The Securities and Exchange Commission has accused a senior manager and an engagement partner at KPMG of “improper professional conduct” in their audit of U.S. Foodservice Inc. USF’s Dutch parent company, Royal Ahold NV, settled fraud and other charges with the SEC in October 2004.
The SEC charges that Kevin Hall, an engagement partner, and Rosemary Meyer, a senior manager, found many cases during their audit for 1999 and their interim review for the second quarter of 2000 in which USF was recognizing income when it shouldn’t have. But the two allegedly failed to recognize or refused to act upon such “red flags.”
Hall and Meyer found that USF had recognized hefty unearned “prepayments” of income and listed them as “audit exceptions” in their working papers, the commission charged.

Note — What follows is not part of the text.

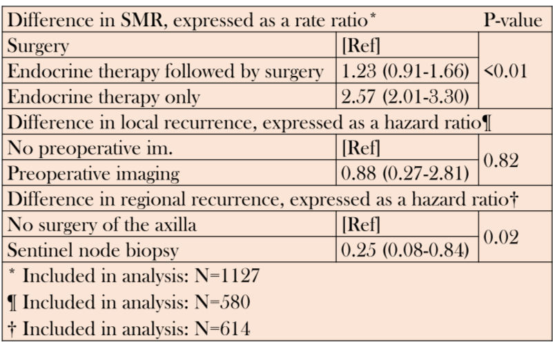 结果:该研究共纳入1142例患者,平均年龄为77岁。中位随访为7.80年,795例(69.6%)死于随访,6.25年出现复发。52例为局部复发,39例为区域复发。仅接受内分泌治疗的患者的SMR明显高于接受手术的患者(adj. RR=2.57;95%CI:2.01~3.30),而接受内分泌治疗后手术的患者未显著高于接受手术的患者(RR=1.23;95%CI:0.91~1.66)。580位BCS患者中有253人(43.6%)未接受术前影像学检查。无影像学检查的患者局部复发的风险并不高于有影像学检查的患者,(adj. HR=1.14;95%CI:0.36~3.67)。197名接受手术治疗但未接受腋窝手术的患者中,有13人(6.8%)发生局部复发,而428例腋窝前哨淋巴结活检的患者中只有7例(1.6%)出现局部复发。这种差异是具有显著性(adj. HR=4.68;95% CI:1.53~14.37)。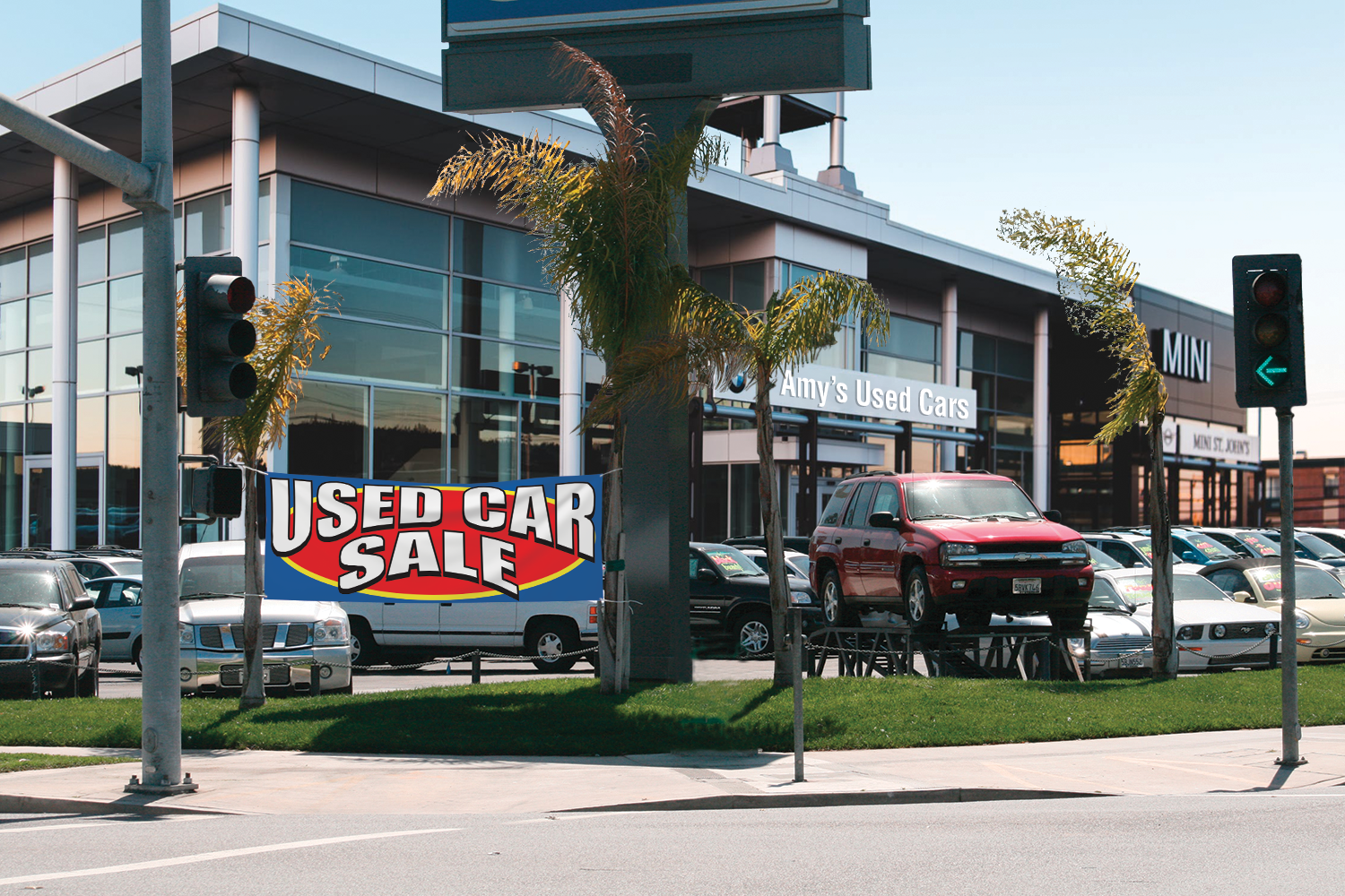 Vizi™ Windshield Banners are perfect to grab the attention of your customers. These eye-catching banners are easy to install for display, and easy to remove for a test drive. Each banner is made of a heavy-duty reusable vinyl, and is reinforced for maximum durability. Just use the bungee cords to attach your banner to each of the side mirrors and you’re good to go!

Such findings “directly and explicitly contradicted USF management’s repeated representations that USF did not obtain vendor prepayments,” the SEC added.
Hall and Meyer also allegedly got and reviewed audit evidence that “directly contradicted” USF’s accounting for payments used to improperly cut aging accounts-receivable balances.
The SEC also contends that Hall and Meyer produced a flawed audit design that enabled third-party confirmations to go to people with no apparent knowledge about the underlying facts being confirmed. That, the commission charges, is a violation of generally accepted auditing standards.
A hearing will be scheduled before an administrative law judge to determine whether the allegations are true, to give Hall and Meyer a chance to defend themselves, and to find out whether they should be censured by the commission or temporarily or permanently barred from appearing or practicing before the SEC.
“Our partners look forward to presenting the facts in support of the work that was performed under the circumstances at U.S. Foodservice in 1999,” said KPMG spokesman George Ledwith, according to The Washington Post.
Scott Friestad, associate director of the SEC’s division of enforcement, asserted that Hall and Meyer “had evidence in their hands that could have stopped the fraud in its tracks,” according to Bloomberg. “Instead, because they failed to exercise appropriate professional skepticism, the fraud was allowed to continue.”